AIM OF THE TASK ▸ Transcribe each entry exactly; skip the images.

Stored items
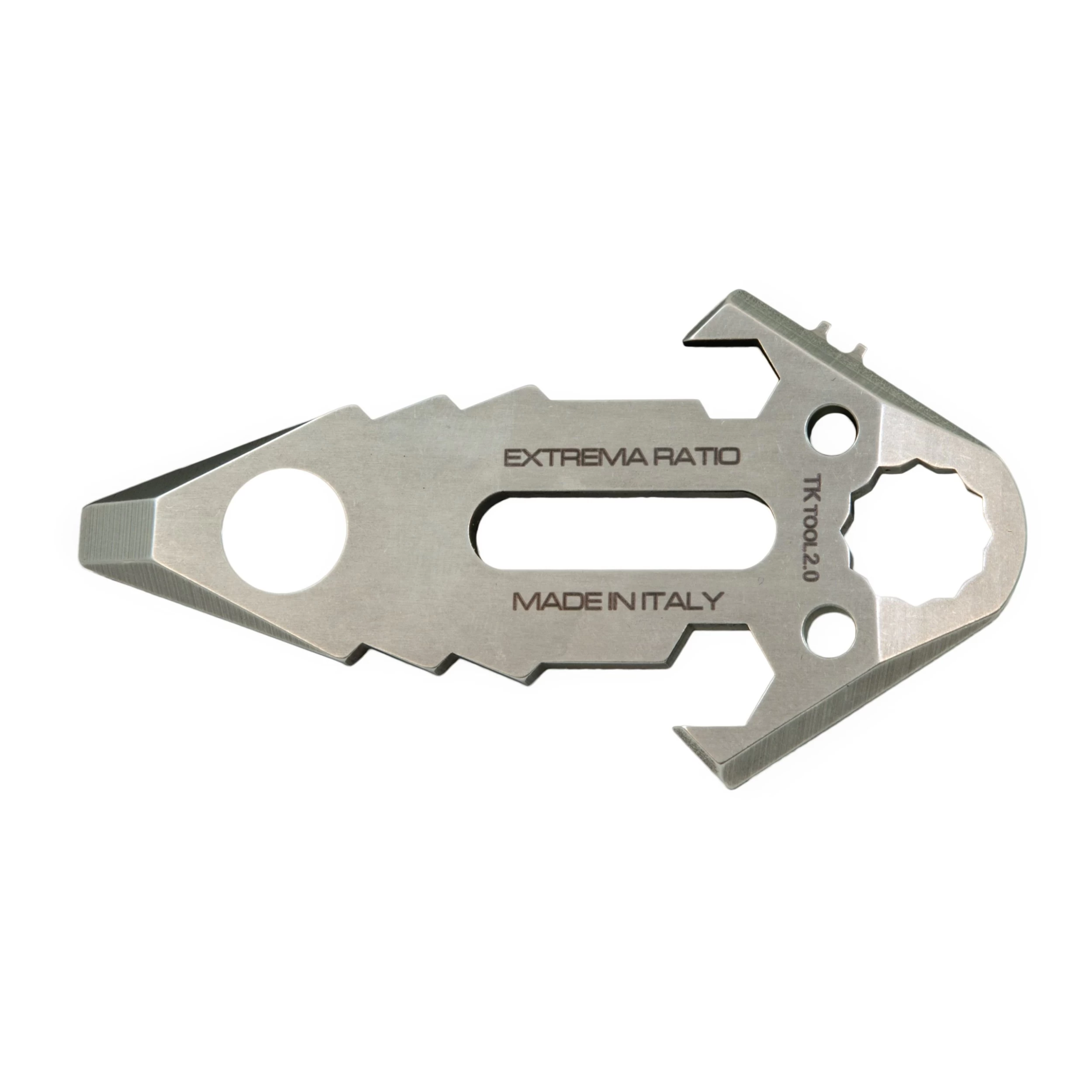 Beim Extrema Ratio TK Tool 2.0 stone washed handelt es sich um ein Multifunktionswerkzeug, das aus einem Stück gefertigt ist. Der vordere Teil dient als Schraubenzieher oder Hebel. Die Lanyard-Löcher ermöglichen das Anbringen von Fallschirmleine, um das Tool bei sich führen zu können oder um den Hals zu hängen.
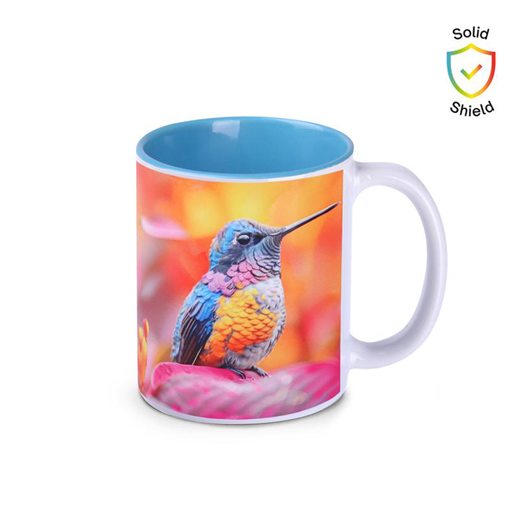 Odkryj popularny kubek sublimacyjny o ponadczasowym designie. Jego barwione wnętrze, dostępne w wielu odcieniach, doskonale podkreśli charakter Twojej marki. Ciesz się fotograficzną jakością nadruku i wyjątkową trwałością dzięki opatentowanej powłoce Solid Shield – gwarancja ponad 1000 cykli mycia w zmywarce!
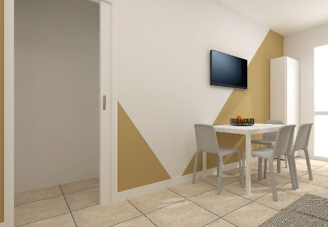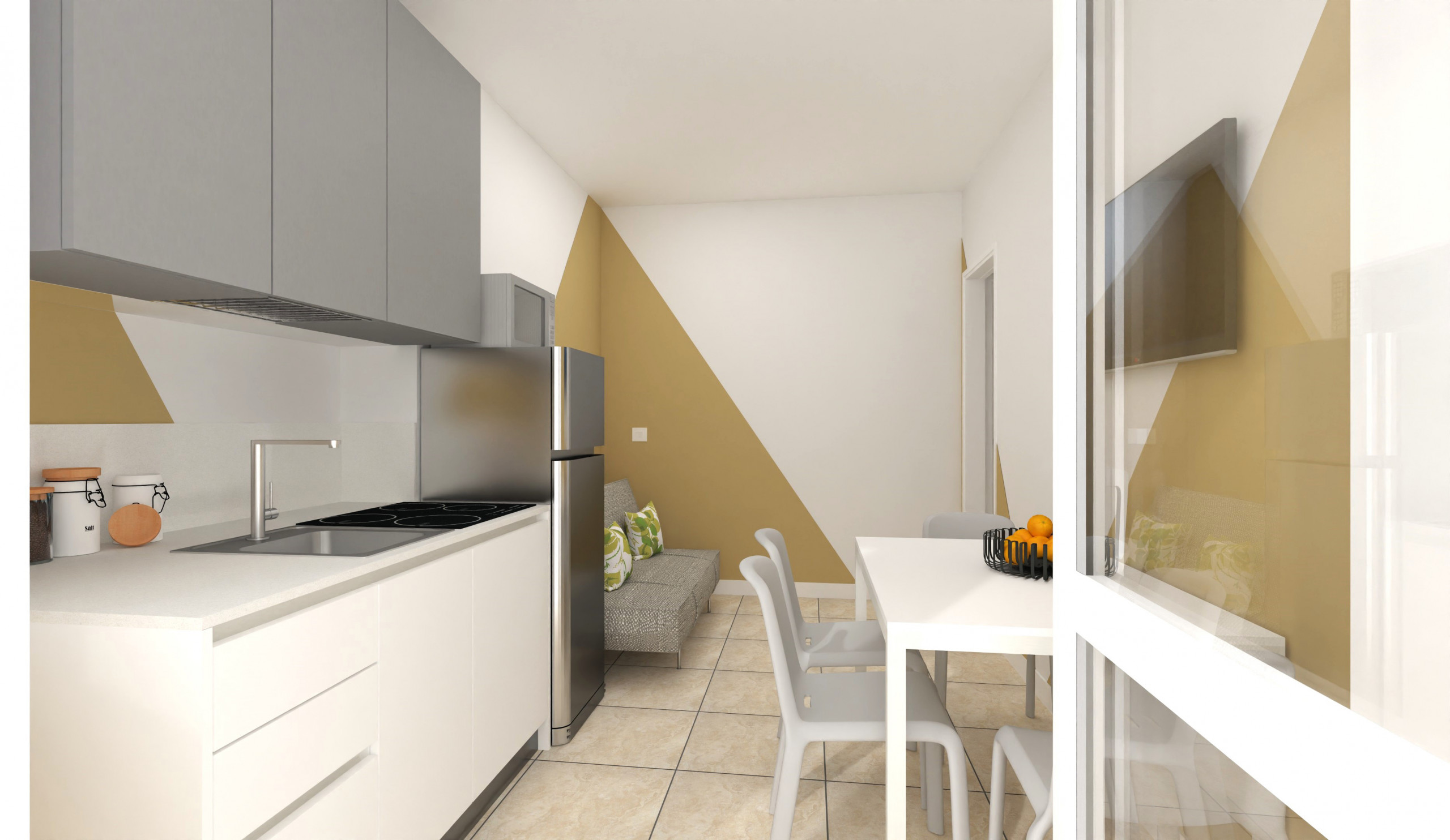 Two-room apartment completely renovated on the ground floor with external space with barbecue. Living room with kitchen corner induction cooktop and single sofa beds, bedroom with double bed and bunk bed, bathroom with shower box. It's furnished of air conditioning, electric kettle, coffee-machine, microwave, safe, big refrigerator, washing-machine, Wifi and TV sat. Numbered not covered parking place.
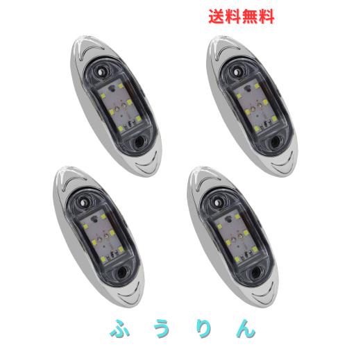 Aoling サイドマーカー LED 12V 24V ホワイト トラック用 マーカーランプ 路肩灯 軽トラ 6LED クリアレンズ 電気メッキ本体 防水防塵 高
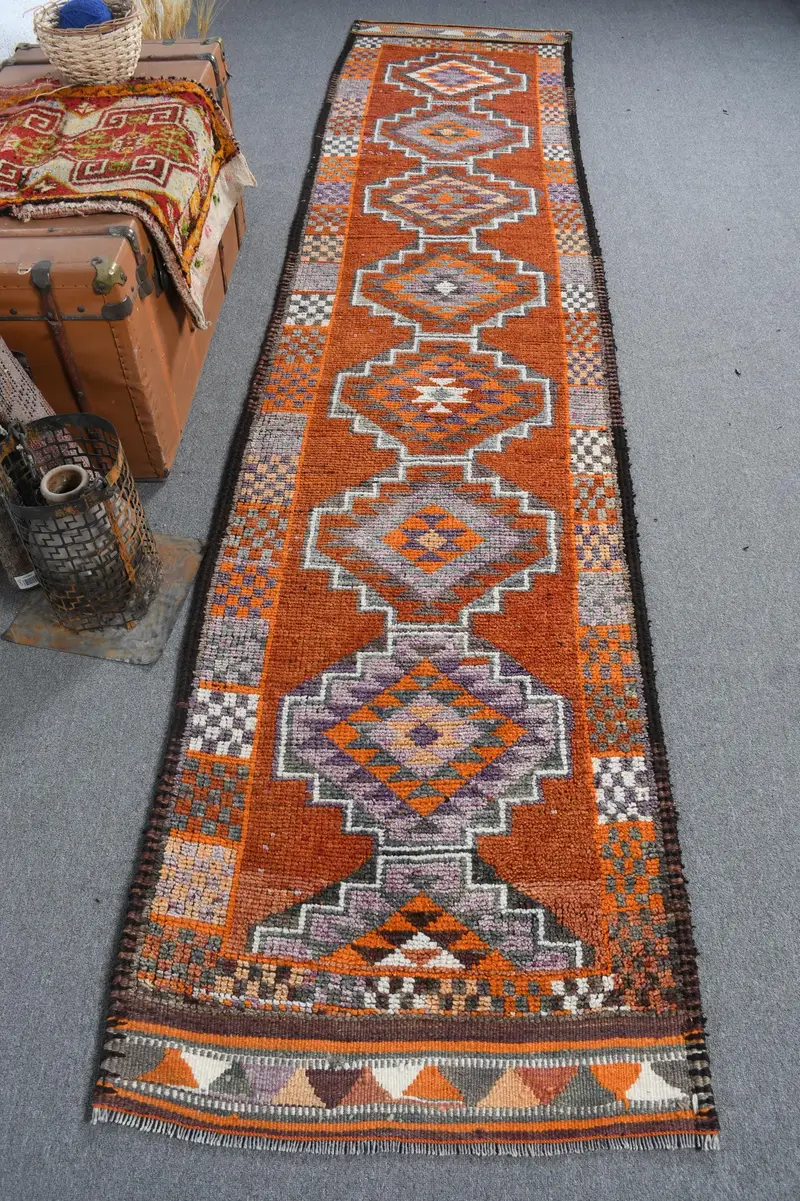 Brown & Orange Rug, 2.7x12.1 ft Striped with Geometric Shapes
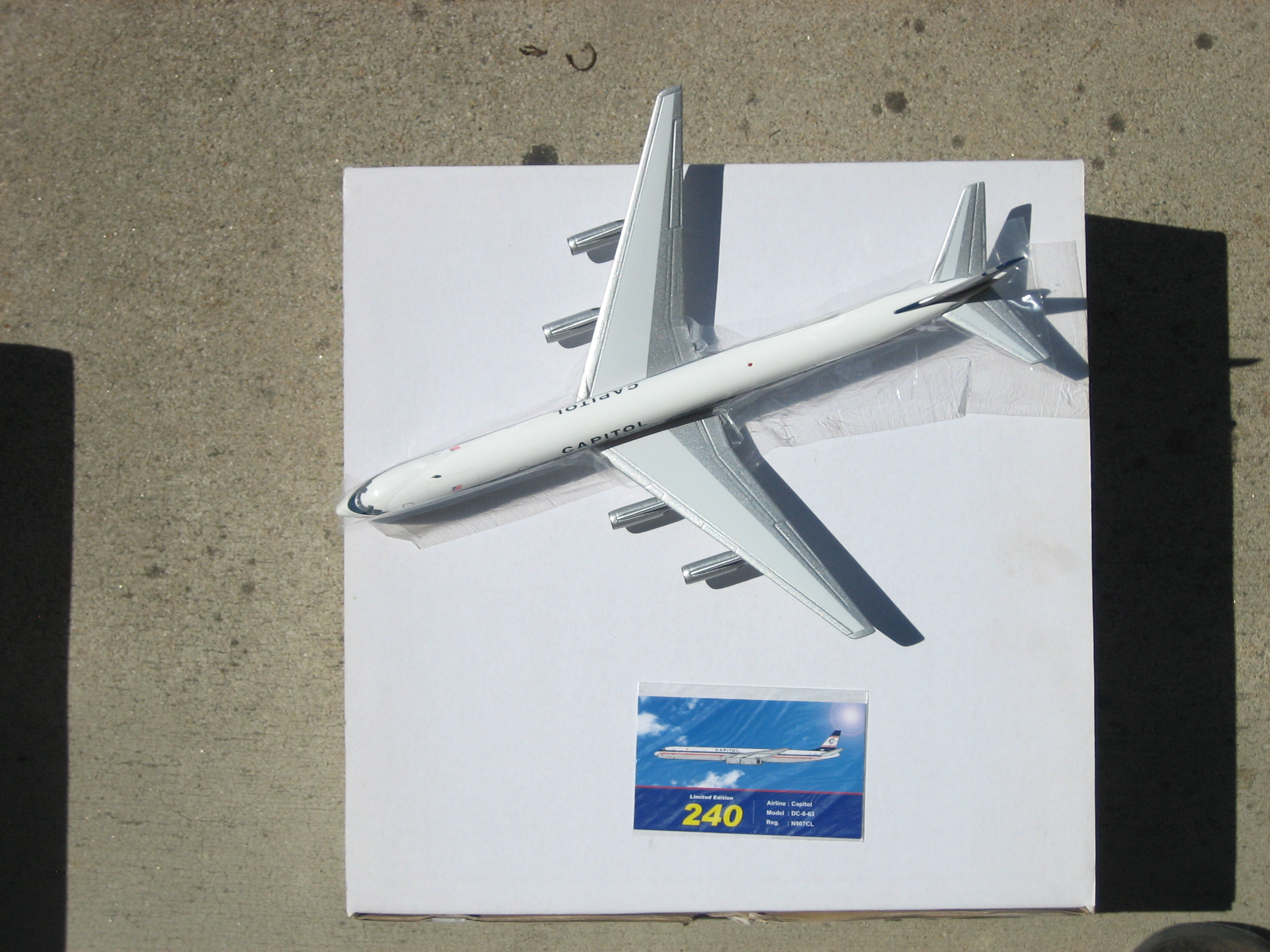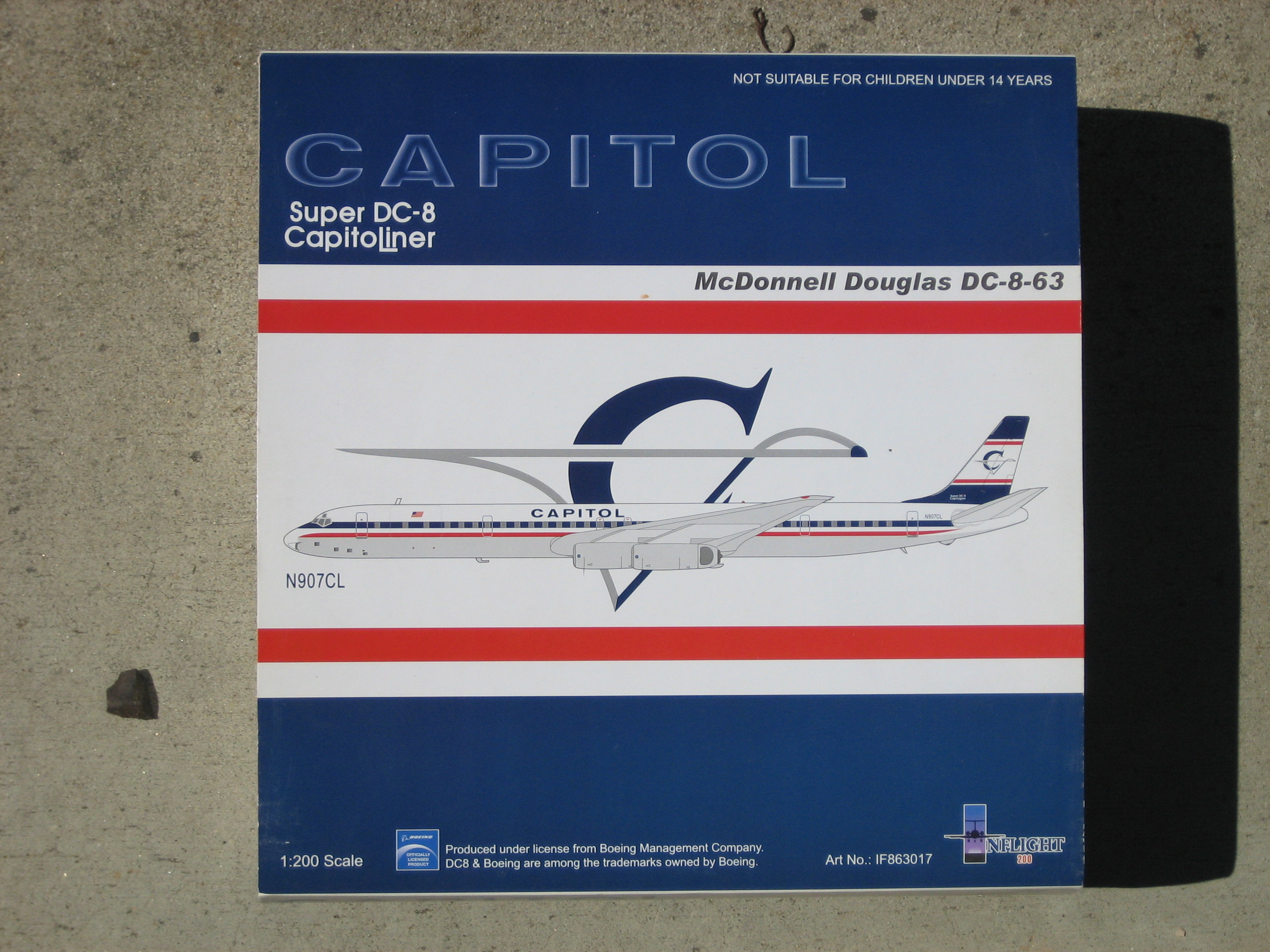 MSC32. | Capitol Super DC-8-63, A MINT in the Origianl box SUPER DC=8-63 Capitollinr 1/200 scale LIMITED EDITION OF 240 Inflight model: FREE MAILING BOX IS INCLUDED IN THE PRICE, used View 1 , View 2 | EX $125.00 |

ANSWER SPACE ▸
 Beim Extrema Ratio TK Tool 2.0 stone washed handelt es sich um ein Multifunktionswerkzeug, das aus einem Stück gefertigt ist. Der vordere Teil dient als Schraubenzieher oder Hebel. Die Lanyard-Löcher ermöglichen das Anbringen von Fallschirmleine, um das Tool bei sich führen zu können oder um den Hals zu hängen.
 Odkryj popularny kubek sublimacyjny o ponadczasowym designie. Jego barwione wnętrze, dostępne w wielu odcieniach, doskonale podkreśli charakter Twojej marki. Ciesz się fotograficzną jakością nadruku i wyjątkową trwałością dzięki opatentowanej powłoce Solid Shield – gwarancja ponad 1000 cykli mycia w zmywarce!
 Two-room apartment completely renovated on the ground floor with external space with barbecue. Living room with kitchen corner induction cooktop and single sofa beds, bedroom with double bed and bunk bed, bathroom with shower box. It's furnished of air conditioning, electric kettle, coffee-machine, microwave, safe, big refrigerator, washing-machine, Wifi and TV sat. Numbered not covered parking place.
 Aoling サイドマーカー LED 12V 24V ホワイト トラック用 マーカーランプ 路肩灯 軽トラ 6LED クリアレンズ 電気メッキ本体 防水防塵 高
 Brown & Orange Rug, 2.7x12.1 ft Striped with Geometric Shapes
 MSC32. | Capitol Super DC-8-63, A MINT in the Origianl box SUPER DC=8-63 Capitollinr 1/200 scale LIMITED EDITION OF 240 Inflight model: FREE MAILING BOX IS INCLUDED IN THE PRICE, used View 1 , View 2 | EX $125.00 |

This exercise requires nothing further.